- **Problem requirements**
Copy the data exactly; pictures stay out of the copy.

Data excerpts:
-=-=-

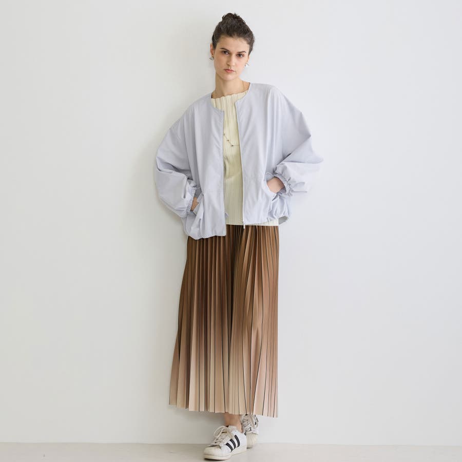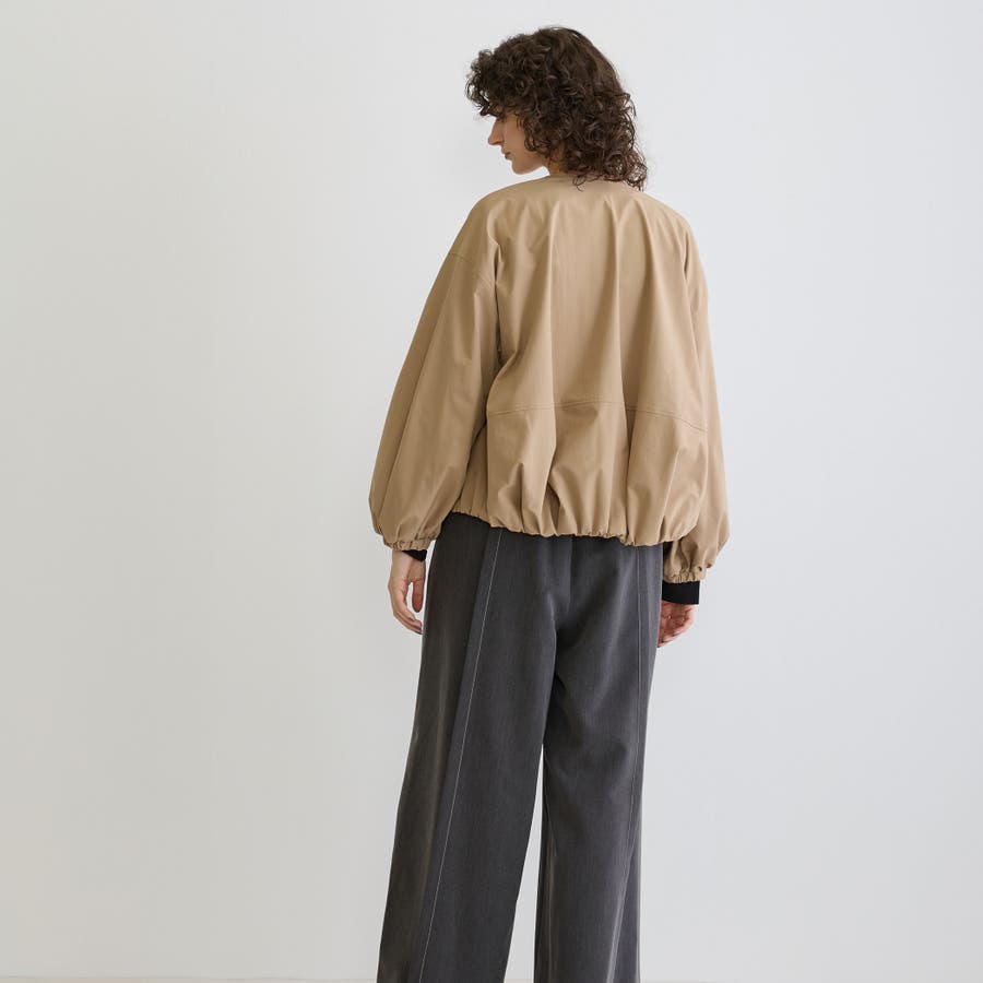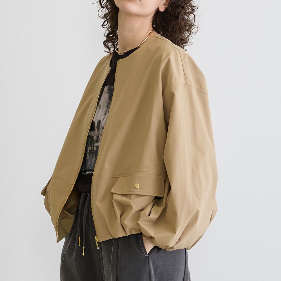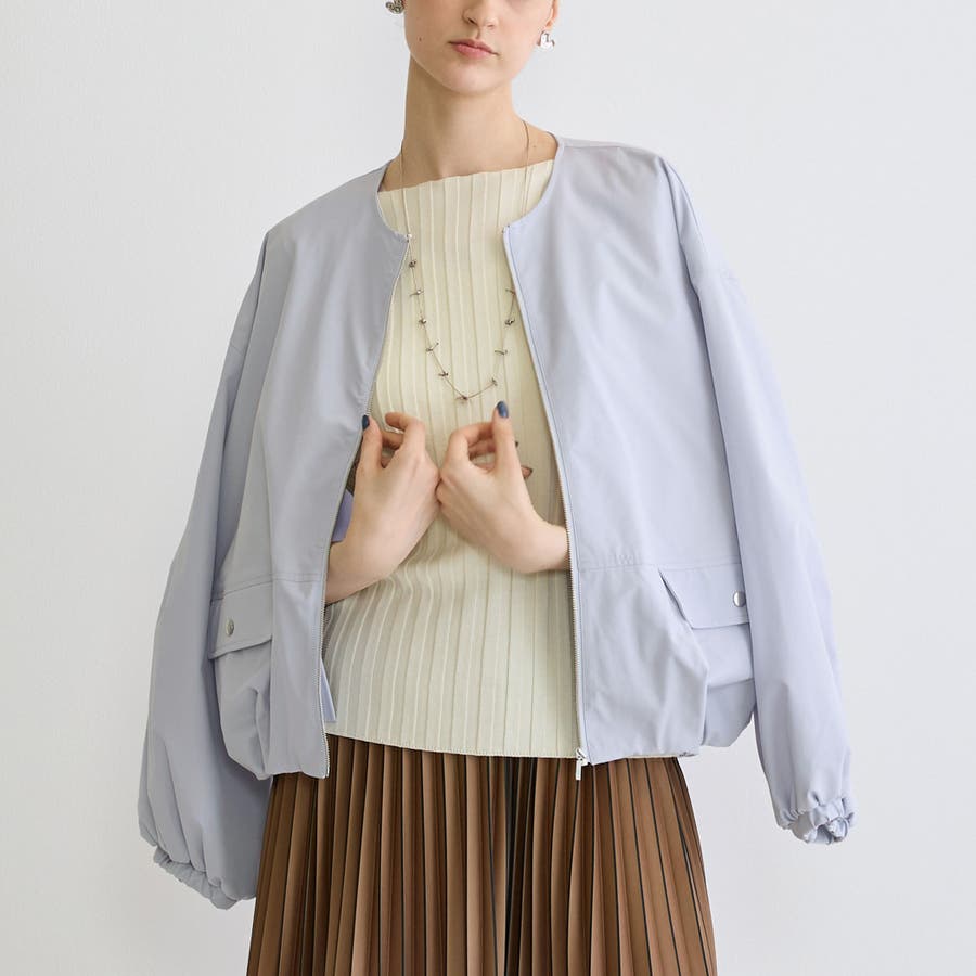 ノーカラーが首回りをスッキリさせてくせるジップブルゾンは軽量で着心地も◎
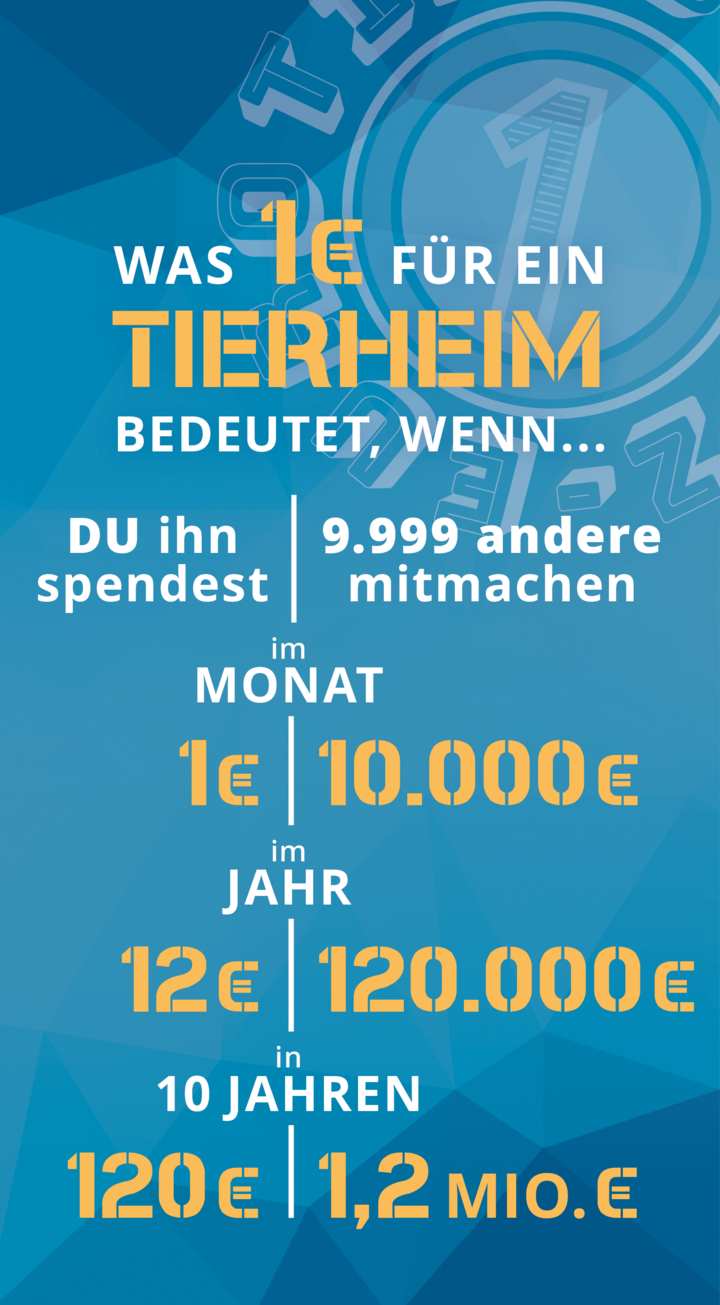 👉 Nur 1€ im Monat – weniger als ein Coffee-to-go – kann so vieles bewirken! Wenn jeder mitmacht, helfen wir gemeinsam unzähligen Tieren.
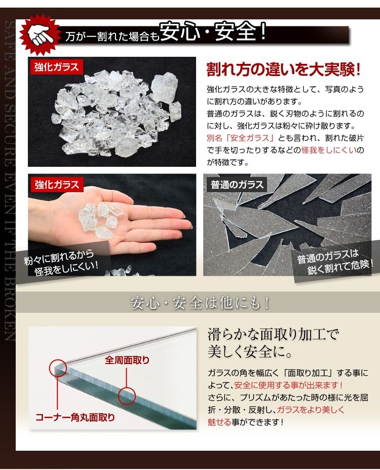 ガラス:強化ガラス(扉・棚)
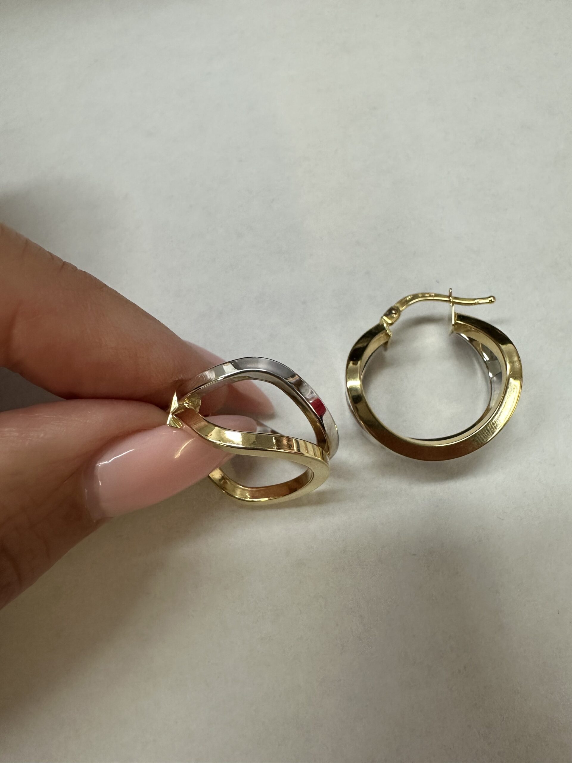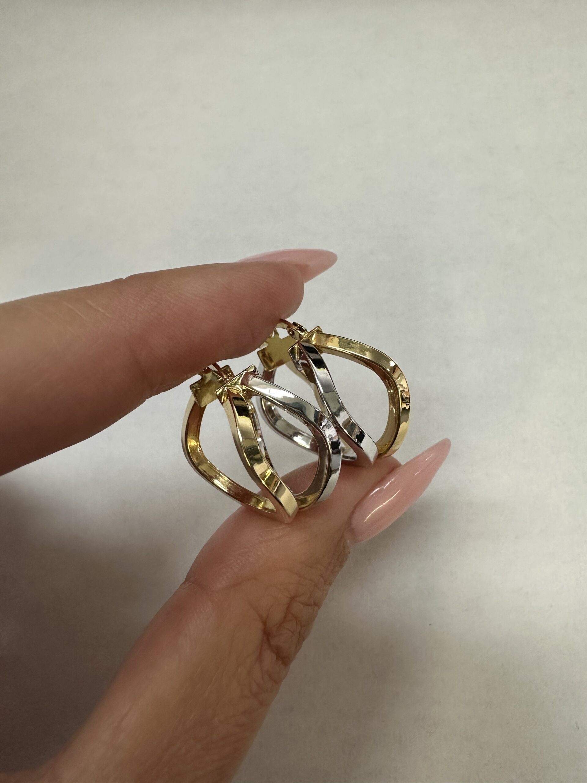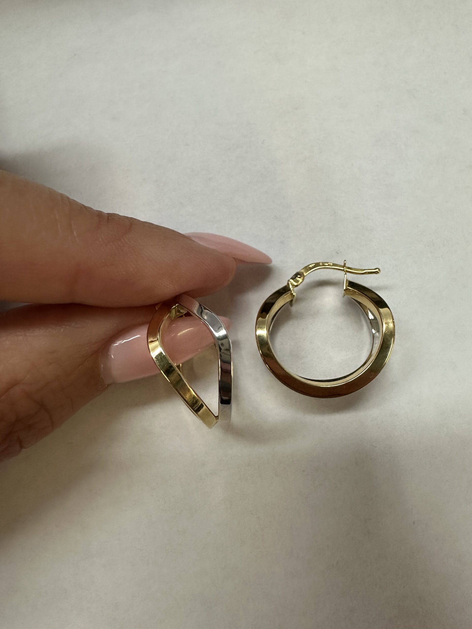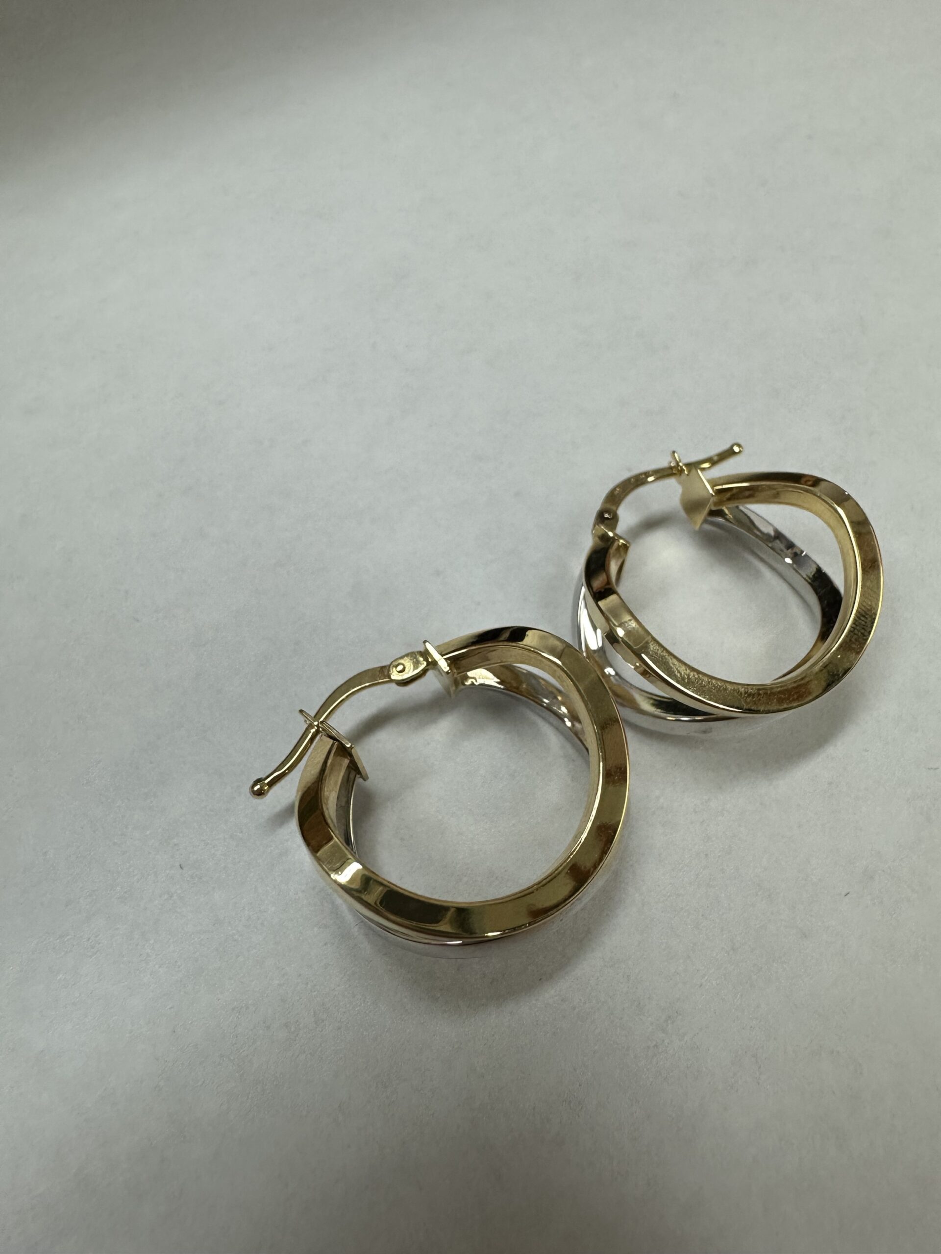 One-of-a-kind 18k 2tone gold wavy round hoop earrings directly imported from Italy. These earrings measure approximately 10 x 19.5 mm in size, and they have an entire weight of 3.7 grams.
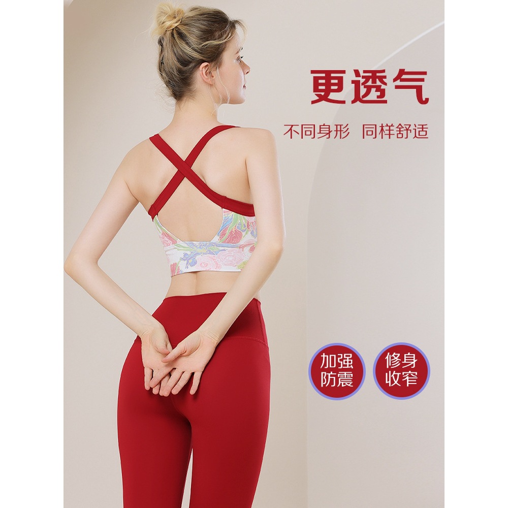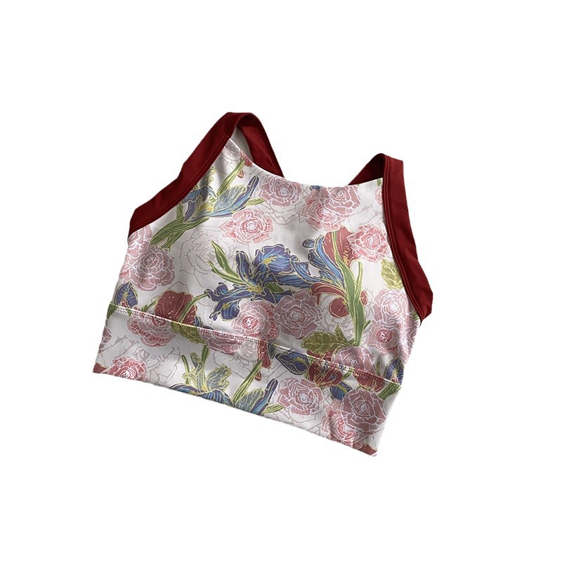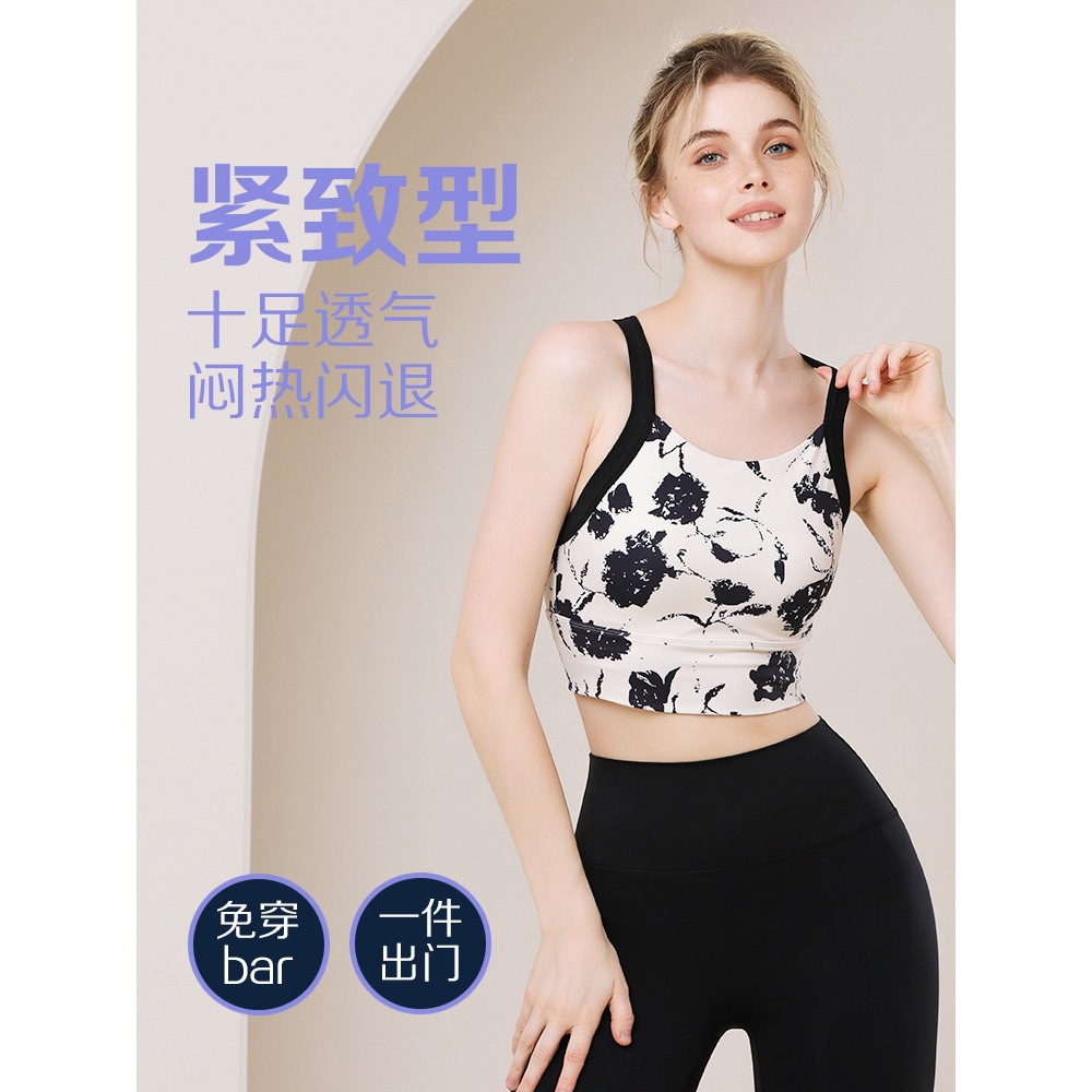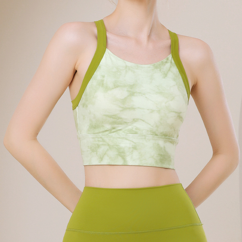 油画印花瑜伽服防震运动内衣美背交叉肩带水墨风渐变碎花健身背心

-=-=-

- **Worked solution**
 ノーカラーが首回りをスッキリさせてくせるジップブルゾンは軽量で着心地も◎
 👉 Nur 1€ im Monat – weniger als ein Coffee-to-go – kann so vieles bewirken! Wenn jeder mitmacht, helfen wir gemeinsam unzähligen Tieren.
 ガラス:強化ガラス(扉・棚)
 One-of-a-kind 18k 2tone gold wavy round hoop earrings directly imported from Italy. These earrings measure approximately 10 x 19.5 mm in size, and they have an entire weight of 3.7 grams.
 油画印花瑜伽服防震运动内衣美背交叉肩带水墨风渐变碎花健身背心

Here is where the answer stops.